◆ ACTIVITY
Please reproduce each line of the data below exactly as shown.
╔══
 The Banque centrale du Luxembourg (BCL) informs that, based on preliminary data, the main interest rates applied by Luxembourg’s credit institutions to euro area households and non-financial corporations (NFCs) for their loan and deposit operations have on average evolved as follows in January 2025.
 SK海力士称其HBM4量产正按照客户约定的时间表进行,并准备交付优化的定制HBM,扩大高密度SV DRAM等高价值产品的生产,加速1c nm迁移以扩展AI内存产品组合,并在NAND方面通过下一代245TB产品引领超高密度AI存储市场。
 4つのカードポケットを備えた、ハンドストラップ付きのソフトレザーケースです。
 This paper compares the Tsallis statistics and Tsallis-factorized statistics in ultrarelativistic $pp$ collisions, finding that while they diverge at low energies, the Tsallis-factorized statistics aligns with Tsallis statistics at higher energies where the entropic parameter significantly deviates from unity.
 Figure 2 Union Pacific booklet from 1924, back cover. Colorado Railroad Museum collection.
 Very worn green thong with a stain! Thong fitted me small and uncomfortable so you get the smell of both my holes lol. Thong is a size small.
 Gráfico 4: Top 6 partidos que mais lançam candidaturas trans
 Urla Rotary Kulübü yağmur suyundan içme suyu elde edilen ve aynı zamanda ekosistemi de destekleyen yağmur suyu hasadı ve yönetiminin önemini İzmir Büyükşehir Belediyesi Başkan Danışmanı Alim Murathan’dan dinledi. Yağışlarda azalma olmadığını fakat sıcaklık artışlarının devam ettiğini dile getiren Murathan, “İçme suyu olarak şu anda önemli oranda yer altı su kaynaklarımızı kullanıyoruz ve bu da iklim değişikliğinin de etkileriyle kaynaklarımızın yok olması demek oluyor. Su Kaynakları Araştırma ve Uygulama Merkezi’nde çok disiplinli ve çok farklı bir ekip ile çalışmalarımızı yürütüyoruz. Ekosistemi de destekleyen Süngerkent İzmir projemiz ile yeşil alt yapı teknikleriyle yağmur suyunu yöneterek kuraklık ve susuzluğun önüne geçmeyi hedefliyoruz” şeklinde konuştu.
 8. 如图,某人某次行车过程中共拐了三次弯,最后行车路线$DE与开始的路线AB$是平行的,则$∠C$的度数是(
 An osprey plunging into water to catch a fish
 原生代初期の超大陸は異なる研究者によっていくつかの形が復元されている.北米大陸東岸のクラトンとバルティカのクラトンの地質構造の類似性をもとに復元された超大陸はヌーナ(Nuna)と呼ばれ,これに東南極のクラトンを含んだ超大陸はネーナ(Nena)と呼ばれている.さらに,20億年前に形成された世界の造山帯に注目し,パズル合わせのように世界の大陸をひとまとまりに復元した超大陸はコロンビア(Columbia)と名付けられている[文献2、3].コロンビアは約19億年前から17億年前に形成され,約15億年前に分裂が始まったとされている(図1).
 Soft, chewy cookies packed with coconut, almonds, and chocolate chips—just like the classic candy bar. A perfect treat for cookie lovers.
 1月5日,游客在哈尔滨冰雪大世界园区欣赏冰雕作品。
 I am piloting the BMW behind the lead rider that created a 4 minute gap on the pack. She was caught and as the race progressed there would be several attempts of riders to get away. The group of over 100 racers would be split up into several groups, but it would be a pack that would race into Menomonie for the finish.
╚══
◆ EXERCISE SOLUTION
 The Banque centrale du Luxembourg (BCL) informs that, based on preliminary data, the main interest rates applied by Luxembourg’s credit institutions to euro area households and non-financial corporations (NFCs) for their loan and deposit operations have on average evolved as follows in January 2025.
 SK海力士称其HBM4量产正按照客户约定的时间表进行,并准备交付优化的定制HBM,扩大高密度SV DRAM等高价值产品的生产,加速1c nm迁移以扩展AI内存产品组合,并在NAND方面通过下一代245TB产品引领超高密度AI存储市场。
 4つのカードポケットを備えた、ハンドストラップ付きのソフトレザーケースです。
 This paper compares the Tsallis statistics and Tsallis-factorized statistics in ultrarelativistic $pp$ collisions, finding that while they diverge at low energies, the Tsallis-factorized statistics aligns with Tsallis statistics at higher energies where the entropic parameter significantly deviates from unity.
 Figure 2 Union Pacific booklet from 1924, back cover. Colorado Railroad Museum collection.
 Very worn green thong with a stain! Thong fitted me small and uncomfortable so you get the smell of both my holes lol. Thong is a size small.
 Gráfico 4: Top 6 partidos que mais lançam candidaturas trans
 Urla Rotary Kulübü yağmur suyundan içme suyu elde edilen ve aynı zamanda ekosistemi de destekleyen yağmur suyu hasadı ve yönetiminin önemini İzmir Büyükşehir Belediyesi Başkan Danışmanı Alim Murathan’dan dinledi. Yağışlarda azalma olmadığını fakat sıcaklık artışlarının devam ettiğini dile getiren Murathan, “İçme suyu olarak şu anda önemli oranda yer altı su kaynaklarımızı kullanıyoruz ve bu da iklim değişikliğinin de etkileriyle kaynaklarımızın yok olması demek oluyor. Su Kaynakları Araştırma ve Uygulama Merkezi’nde çok disiplinli ve çok farklı bir ekip ile çalışmalarımızı yürütüyoruz. Ekosistemi de destekleyen Süngerkent İzmir projemiz ile yeşil alt yapı teknikleriyle yağmur suyunu yöneterek kuraklık ve susuzluğun önüne geçmeyi hedefliyoruz” şeklinde konuştu.
 8. 如图,某人某次行车过程中共拐了三次弯,最后行车路线$DE与开始的路线AB$是平行的,则$∠C$的度数是(
 An osprey plunging into water to catch a fish
 原生代初期の超大陸は異なる研究者によっていくつかの形が復元されている.北米大陸東岸のクラトンとバルティカのクラトンの地質構造の類似性をもとに復元された超大陸はヌーナ(Nuna)と呼ばれ,これに東南極のクラトンを含んだ超大陸はネーナ(Nena)と呼ばれている.さらに,20億年前に形成された世界の造山帯に注目し,パズル合わせのように世界の大陸をひとまとまりに復元した超大陸はコロンビア(Columbia)と名付けられている[文献2、3].コロンビアは約19億年前から17億年前に形成され,約15億年前に分裂が始まったとされている(図1).
 Soft, chewy cookies packed with coconut, almonds, and chocolate chips—just like the classic candy bar. A perfect treat for cookie lovers.
 1月5日,游客在哈尔滨冰雪大世界园区欣赏冰雕作品。
 I am piloting the BMW behind the lead rider that created a 4 minute gap on the pack. She was caught and as the race progressed there would be several attempts of riders to get away. The group of over 100 racers would be split up into several groups, but it would be a pack that would race into Menomonie for the finish.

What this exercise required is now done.